SOURCE MATERIAL:

• • • • • • •

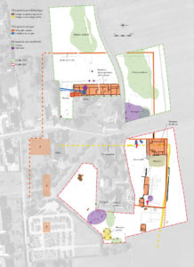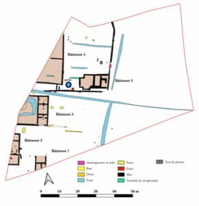 Le temple prend place au sein d’une cour empierrée, fermée par un mur d’enceinte dont seule la partie nord nous est parvenue. De très nombreuses fosses ont été recensées dans cet espace ouvert (fig. 4), mais rares sont celles liées à l’activité du sanctuaire. L’une d’entre elles contenait des ossements animaux pouvant résulter d’un sacrifice. D’autres fosses pourraient signaler la présence de plantations, témoignant d’un aménagement paysager. L’ensemble suggère une occupation structurée de l’espace.
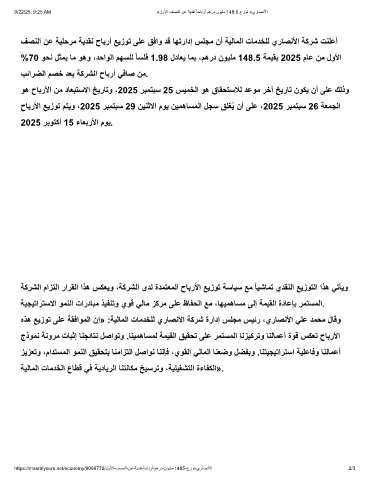 9/22/25, 9:25 AM «لوﻷا فﺻﻧﻟا نﻋ ﺔﯾدﻘﻧ ً ﺎﺣﺎﺑرأ مھرد نوﯾﻠﻣ 148.5 عزوﺗ «يرﺎﺻﻧﻷا
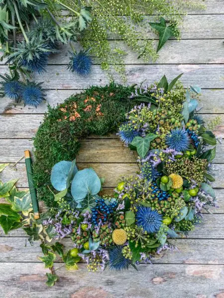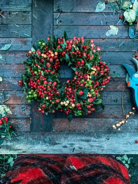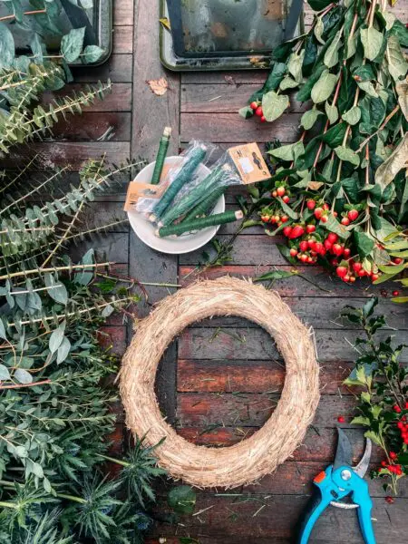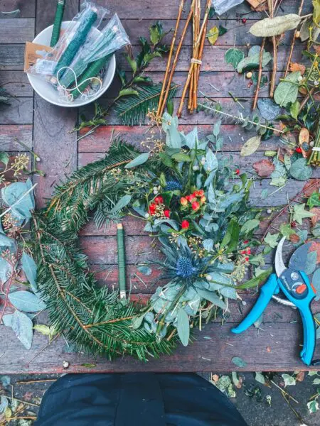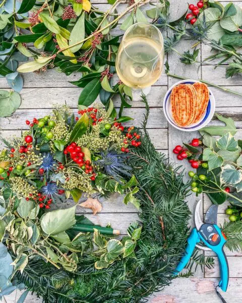- Vergeet geen glas wijn of koffie (afhankelijk van de tijd) en iets lekkers klaar te zetten – zo wordt het kransmaken pas écht gezellig
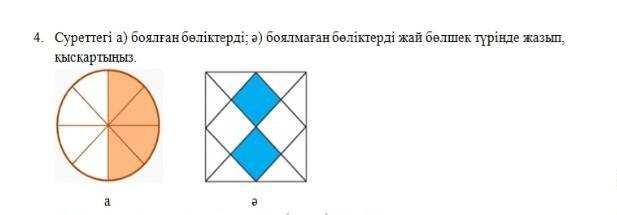 Обозначьте а) окрашенные части б) неокрашенные части на картинке простыми дробями.
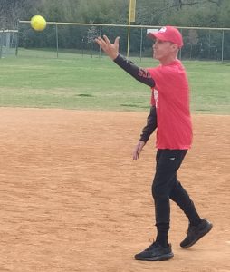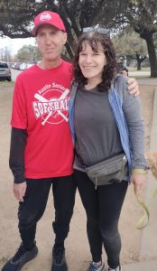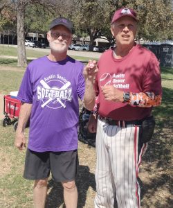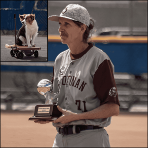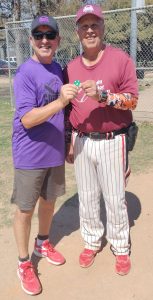 Jeff Stone, kind of seen here, received the season’s first Ohtani Award from Decoy the dog – he (Jeff, not Decoy) was the winning pitcher for Maroon and went 2 for 2 with a walk at the plate.

• • • • • • •

WHAT YOU ARE ASKED TO DO: All of the data above should be transcribed verbatim, with pictures omitted.

EXERCISE ANSWER:
 Le temple prend place au sein d’une cour empierrée, fermée par un mur d’enceinte dont seule la partie nord nous est parvenue. De très nombreuses fosses ont été recensées dans cet espace ouvert (fig. 4), mais rares sont celles liées à l’activité du sanctuaire. L’une d’entre elles contenait des ossements animaux pouvant résulter d’un sacrifice. D’autres fosses pourraient signaler la présence de plantations, témoignant d’un aménagement paysager. L’ensemble suggère une occupation structurée de l’espace.
 9/22/25, 9:25 AM «لوﻷا فﺻﻧﻟا نﻋ ﺔﯾدﻘﻧ ً ﺎﺣﺎﺑرأ مھرد نوﯾﻠﻣ 148.5 عزوﺗ «يرﺎﺻﻧﻷا
- Vergeet geen glas wijn of koffie (afhankelijk van de tijd) en iets lekkers klaar te zetten – zo wordt het kransmaken pas écht gezellig
 Обозначьте а) окрашенные части б) неокрашенные части на картинке простыми дробями.
 Jeff Stone, kind of seen here, received the season’s first Ohtani Award from Decoy the dog – he (Jeff, not Decoy) was the winning pitcher for Maroon and went 2 for 2 with a walk at the plate.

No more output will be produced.